La bicyclette lui tend d’abord les guidons. La piste d’abord en tandem avec son frère cadet Maurice : « Ils ne tardèrent pas à s’imposer comme les meilleurs, raconte Marcel Violette dans un ouvrage paru en 1912. Ils avaient la réputation de casse-cou et jamais virages de vélodrome ne furent abordés avec plus de hardiesse par aucune autre équipe. Pendant tout le temps qu’ils montèrent ensemble, aussi bien en hiver qu’en été, ils ne connurent jamais la défaite et justifièrent le surnom d’“équipe vierge” qu’on leur avait donné. Leur maillot jaune d’or était légendaire. Ils abandonnèrent la piste après une chute terrible à Ostende en 1896. »

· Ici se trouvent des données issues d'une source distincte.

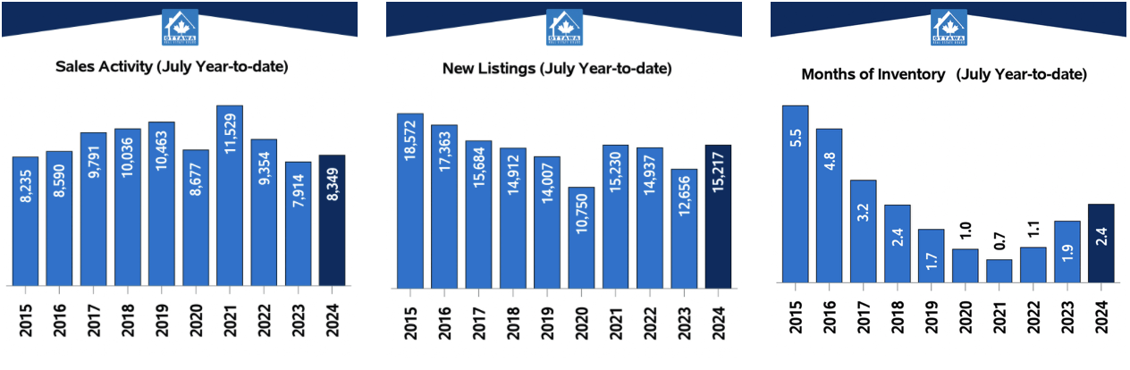 虽然7月的房屋销售量比过去五年的平均水平低了7.1%,比过去十年的平均水平低了8.8%,但今年以来的整体销售情况依旧乐观。截至2024年7月,今年渥太华的房屋销售总量已达8,349套,比去年同期增长了5.5%。

N’être jamais battu. Voilà le leitmotiv des frères Farman qui les pousse désormais vers l’aventure et le dépassement de soi. Car les vélodromes deviennent trop étroits pour eux, et les victoires trop banales. C’est le temps des longues épreuves organisées, depuis Paris, par les journaux de l’époque afin de fidéliser des lecteurs avides de sensations. Pour Farman, c’est la liberté des grands espaces, loin des tables à dessin des Beaux-Arts avec pour seuls alliés, l’effort et la volonté de vaincre. L’abandon ou la défaite aurait peut-être précipité sa reddition. La victoire le subjugue quand, à 18 ans, il remporte la course Paris-Clermont, devançant les cracks de l’époque. Toujours plus loin, il s’engage l’année suivante dans la grande aventure des raids cyclistes avec Edouard de Perrodil. Une épopée que le journaliste raconte dans son livre « Vélo Toro ». Le 25 juin 1793, les deux hommes enfourchent un vélo Gladiator de 12 kg, monté sur des pneus Seddon. Un directeur sportif, Jules Suberbie, leur est même adjoint. L’homme fait autorité dans le milieu pour ses méthodes d’entraînement. Tout semble donc paré pour réussir. De Paris pour rejoindre Madrid, les deux coureurs passeront par Tours, Angoulême, Bordeaux, Mont-de-Marsan, San Sébastien, Miranda del Ebro et Mojados (au sud de Valladolid). À chaque étape, hôtels et restaurants sont réservés par un intendant qui les précède sur le parcours. Presse, sociétés vélocipédiques et autorités sont invitées à les suivre et à les accueillir. De Perrodil prend soin, afin d’éviter toute contestation, de faire homologuer ses records par la très officielle Union Vélocipédique de France.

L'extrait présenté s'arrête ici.